Data records:
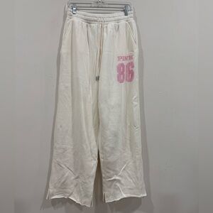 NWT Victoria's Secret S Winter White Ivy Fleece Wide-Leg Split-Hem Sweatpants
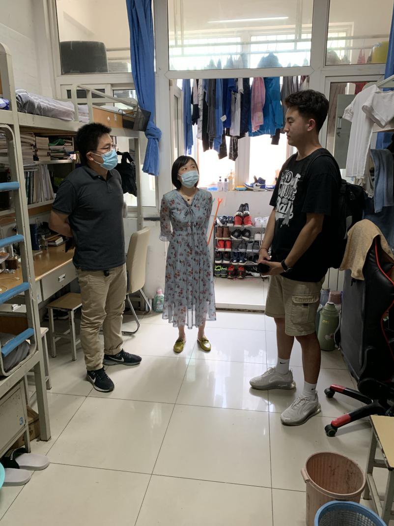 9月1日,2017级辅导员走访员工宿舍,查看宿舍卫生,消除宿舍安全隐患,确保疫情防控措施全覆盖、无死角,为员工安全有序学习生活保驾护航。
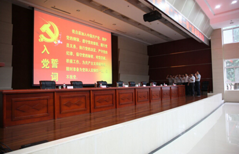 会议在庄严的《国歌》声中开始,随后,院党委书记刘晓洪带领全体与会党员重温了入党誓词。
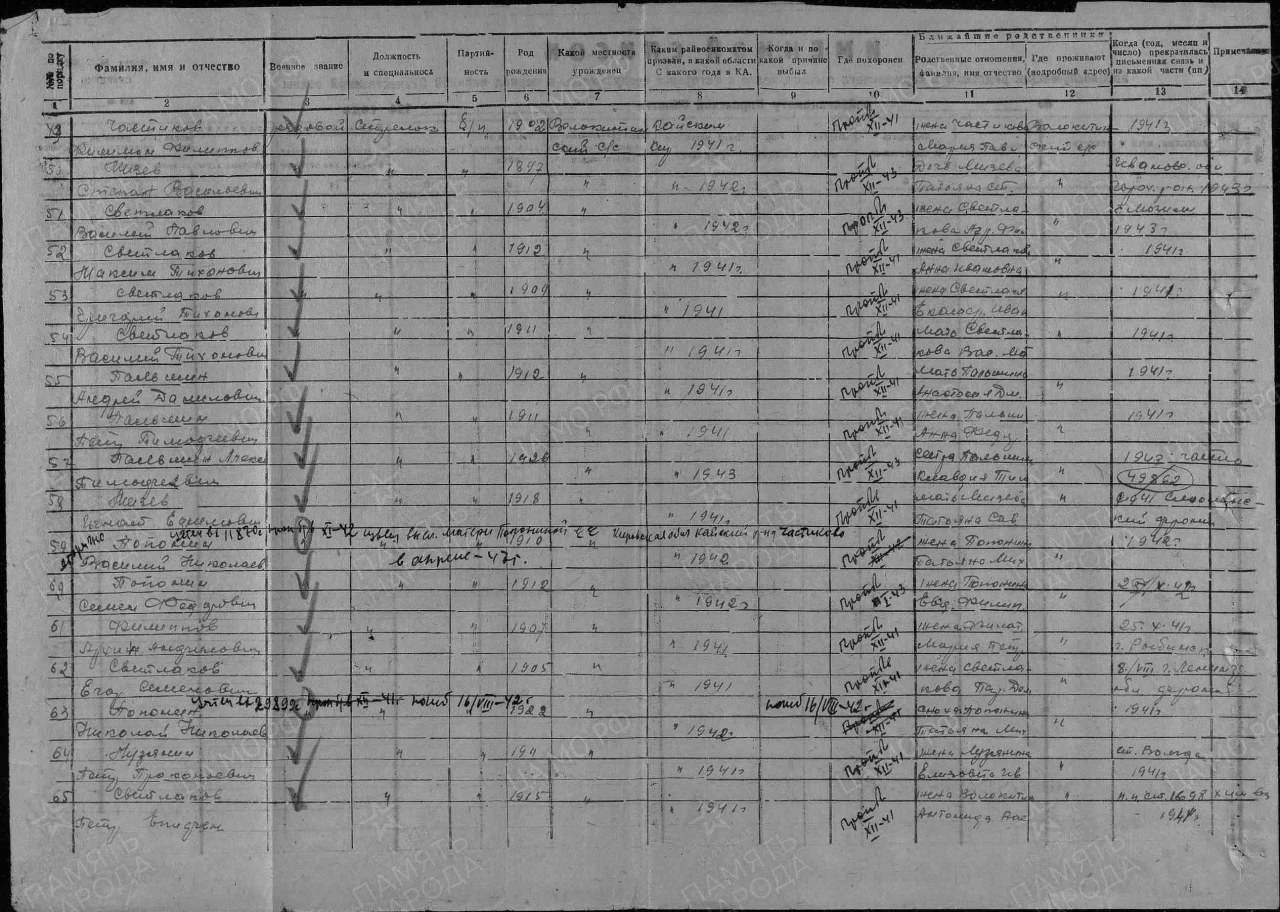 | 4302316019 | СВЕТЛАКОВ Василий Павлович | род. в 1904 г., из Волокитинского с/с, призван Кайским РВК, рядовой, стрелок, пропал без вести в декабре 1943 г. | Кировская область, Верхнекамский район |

---

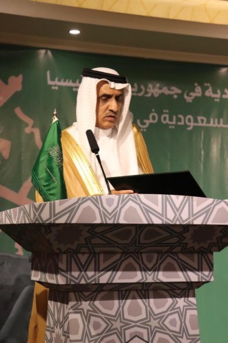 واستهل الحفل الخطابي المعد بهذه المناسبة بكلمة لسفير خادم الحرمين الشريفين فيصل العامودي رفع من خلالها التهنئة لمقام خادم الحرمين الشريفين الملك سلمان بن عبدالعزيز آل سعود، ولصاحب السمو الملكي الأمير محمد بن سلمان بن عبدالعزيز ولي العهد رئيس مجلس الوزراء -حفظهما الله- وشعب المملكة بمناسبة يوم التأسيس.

What is required: Reproduce exactly the lines above starting at the line containing "NWT Victoria's Secret" and ending at the line containing "会议在庄严的《国歌》声中开始", including both, but not the pictures.

Response box:
 NWT Victoria's Secret S Winter White Ivy Fleece Wide-Leg Split-Hem Sweatpants
 9月1日,2017级辅导员走访员工宿舍,查看宿舍卫生,消除宿舍安全隐患,确保疫情防控措施全覆盖、无死角,为员工安全有序学习生活保驾护航。
 会议在庄严的《国歌》声中开始,随后,院党委书记刘晓洪带领全体与会党员重温了入党誓词。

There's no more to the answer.